Download movies off the internet !


----------



## carverman (Nov 8, 2010)

larry81 said:


> Download movies off the internet !


Depends on the internet plan. If your plan includes unlimited data usage,
then it probably makes sense, especially if you burn them to DVD.
However, if your plan has a monthly DU cap..watch out..you could get a 
hefty bill if you exceed the DU monthly cap, especially downloading huge
files like movies.


----------



## canabiz (Apr 4, 2009)

carverman said:


> Depends on the internet plan. If your plan includes unlimited data usage,
> then it probably makes sense, especially if you burn them to DVD.
> However, if your plan has a monthly DU cap..watch out..you could get a
> hefty bill if you exceed the DU monthly cap, especially downloading huge
> files like movies.


It all depends on how many movies you watch and how often you download them.

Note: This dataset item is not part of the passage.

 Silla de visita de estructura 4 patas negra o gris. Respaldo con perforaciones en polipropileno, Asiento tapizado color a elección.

I am currently on a Rogers plan that has a 60GB monthly cap. A typical movie is about 700MB (just regular version, not high-def or 3D or anything) You can do the math.

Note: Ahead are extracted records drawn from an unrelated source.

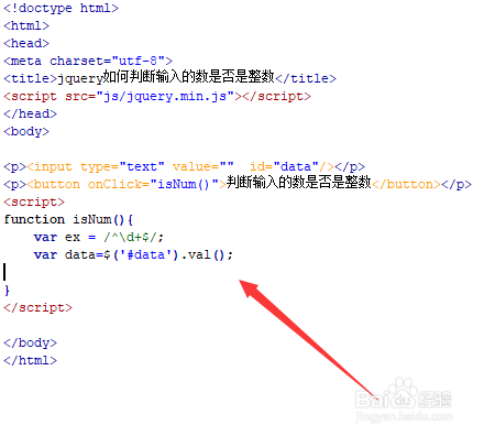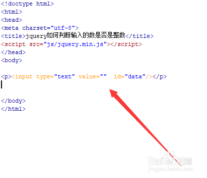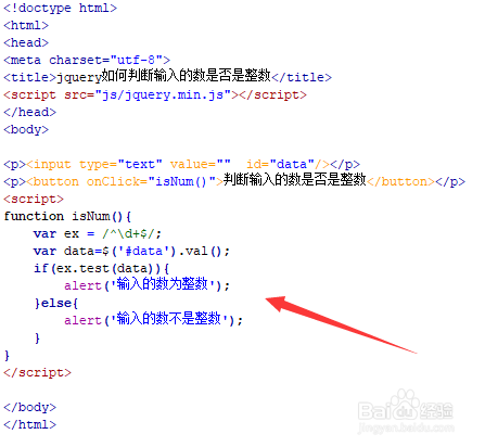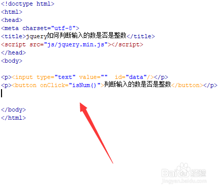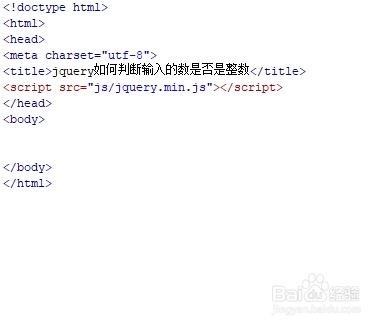 新建一个html文件,定名为test.html,用于讲解jquery若何判定输入的数是否是整数。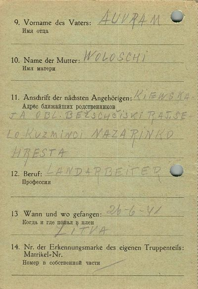 Военнопленные, трофейные карточки. Киевская обл.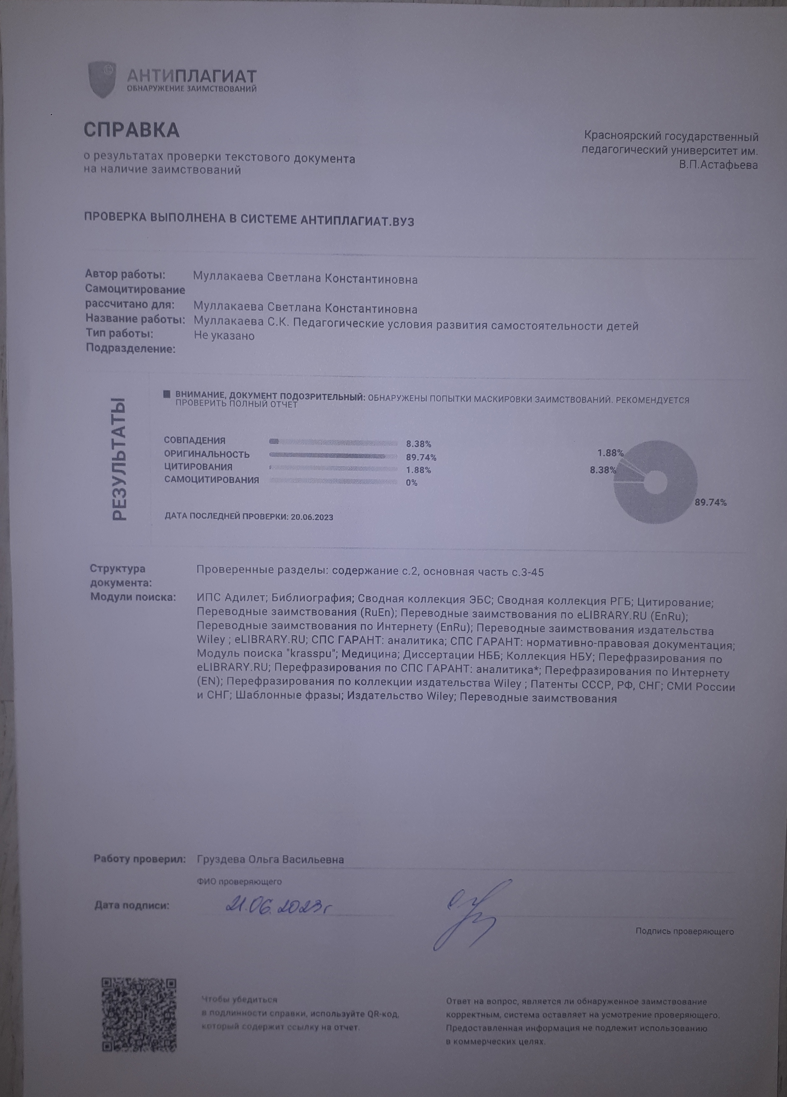 Муллакаева С.К. Педагогические условия развития самостоятельности детей старшего дошкольного возраста в условиях дошкольного образовательного учреждения

Rogers typically notifies customers if they are approaching the cap limit. If you continue to go above and beyond that then you have nobody to blame but yourself. 

Spread it out and enjoy the savings.


----------



## carverman (Nov 8, 2010)

canabiz said:


> I am currently on a Rogers plan that has a 60GB monthly cap. A typical movie is about 700MB (just regular version, not high-def or 3D or anything) You can do the math.
> 
> Spread it out and enjoy the savings.



That's about 85 [email protected] 
So what does the Rogers 60GB plan cost per month?


----------



## canabiz (Apr 4, 2009)

carverman said:


> That's about 85 [email protected]
> So what does the Rogers 60GB plan cost per month?

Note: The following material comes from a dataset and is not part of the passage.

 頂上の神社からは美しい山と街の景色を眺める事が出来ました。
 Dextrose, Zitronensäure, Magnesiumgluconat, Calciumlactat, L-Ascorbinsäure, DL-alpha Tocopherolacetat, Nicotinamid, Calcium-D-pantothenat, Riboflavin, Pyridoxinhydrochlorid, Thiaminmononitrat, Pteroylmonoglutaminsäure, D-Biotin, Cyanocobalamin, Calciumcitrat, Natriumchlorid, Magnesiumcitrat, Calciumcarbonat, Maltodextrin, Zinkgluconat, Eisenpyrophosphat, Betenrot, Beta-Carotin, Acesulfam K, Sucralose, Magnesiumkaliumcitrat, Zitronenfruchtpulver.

carve, I am paying $36 for this Internet package. Regular price is $46. I do have to lock it in for 1 year for the saving but I consider it a small item because we use the Internet on a daily basis.


----------



## carverman (Nov 8, 2010)

canabiz said:


> carve, I am paying $36 for this Internet package. Regular price is $46. I do have to lock it in for 1 year for the saving but I consider it a small item because we use the Internet on a daily basis.


That's not bad. Wind's unlimited data does come with a caveat emptor,
that IF you exceed 5GB per billing cycle, they can slow down the download
speed. I was thinking of joining netflix, but at 700mb per movie, that's
only about 7 movies per month, before they start slowing down the 7.2mb/s
to something a lot less..and that could be a pain in the as$.
----------------------------------------------------------------
From WIND: 
Fair Usage Policy 

To ensure our customers enjoy optimal data usage on our network, we have a Fair Usage Policy. Our Fair Usage Policy is that if you exceed 5 gigabytes of data usage within a given billing cycle, we may slow your speed so that all WIND customers can better share the network and enjoy quality access to the Internet. 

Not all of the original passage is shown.